Onverminderd artikel 114 stelt de Raad na raadpleging van het Europees Parlement en het Economisch en Sociaal Comité met eenparigheid van stemmen, volgens een bijzondere wetgevingsprocedure, richtlijnen vast voor de onderlinge aanpassing van de wettelijke en bestuursrechtelijke bepalingen der lidstaten welke rechtstreeks van invloed zijn op de instelling of de werking van de interne markt.

Artikel 116

Ingeval de Commissie vaststelt dat een dispariteit tussen de wettelijke of bestuursrechtelijke bepalingen der lidstaten de mededingingsvoorwaarden op de interne markt vervalst en zodoende een distorsie veroorzaakt welke moet worden opgeheven, raadpleegt zij de betrokken lidstaten.
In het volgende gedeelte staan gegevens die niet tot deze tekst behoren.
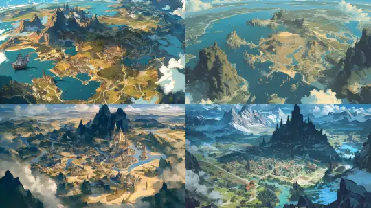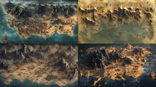 Midjourney Bot 更新时间:2024-12-31 00:02A flat map, European style, with towering mountains to the north shrouded in black mist, an urban area to the east of the continent, separated from another city by a distance, a desert to the south of the continent, and a city to the west by the sea. --v 6.1 --ar 16:9 --style raw

Indien deze raadpleging niet leidt tot overeenstemming waardoor de betrokken distorsie wordt opgeheven, stellen het Europees Parlement en de Raad, volgens de gewone wetgevingsprocedure, de voor dat doel noodzakelijke richtlijnen vast. Ook andere dienstige maatregelen waarin de Verdragen voorzien, kunnen worden vastgesteld.

Artikel 117

  • 1. 
    Wanneer er aanleiding bestaat te vrezen dat de vaststelling of de wijziging van een wettelijke of bestuursrechtelijke bepaling een distorsie in de zin van artikel 116 veroorzaakt, raadpleegt de lidstaat, die daartoe wil overgaan, de Commissie. Na de lidstaten te hebben geraadpleegd, beveelt de Commissie de betrokken staten passende maatregelen aan om deze distorsie te voorkomen.
  • 2. 
    Indien de staat die nationale bepalingen wil vaststellen of wijzigen niet handelt overeenkomstig de aanbeveling welke de Commissie hem heeft gedaan, kan bij toepassing van artikel 116 van de andere lidstaten niet worden verlangd dat zij hun nationale bepalingen wijzigen om deze distorsie op te heffen. Indien de lidstaat die aan de aanbeveling van de Commissie geen gevolg heeft gegeven, een distorsie veroorzaakt waarvan alleen hijzelf nadeel ondervindt, zijn de bepalingen van artikel 116 niet van toepassing.

Artikel 118

In het kader van de totstandbrenging en de werking van de interne markt stellen het Europees Parlement en de Raad, volgens de gewone wetgevingsprocedure, de maatregelen vast voor de invoering van Europese titels om een eenvormige bescherming van de intellectuele-eigendomsrechten in de hele Unie te bewerkstelligen, en voor de instelling van op het niveau van de Unie gecentraliseerde machtigings-, coördinatie- en controleregelingen.

De Raad stelt, volgens een bijzondere wetgevingsprocedure, bij verordeningen de talenregelingen met betrekking tot de Europese titels vast. De Raad besluit met eenparigheid van stemmen, na raadpleging van het Europees Parlement.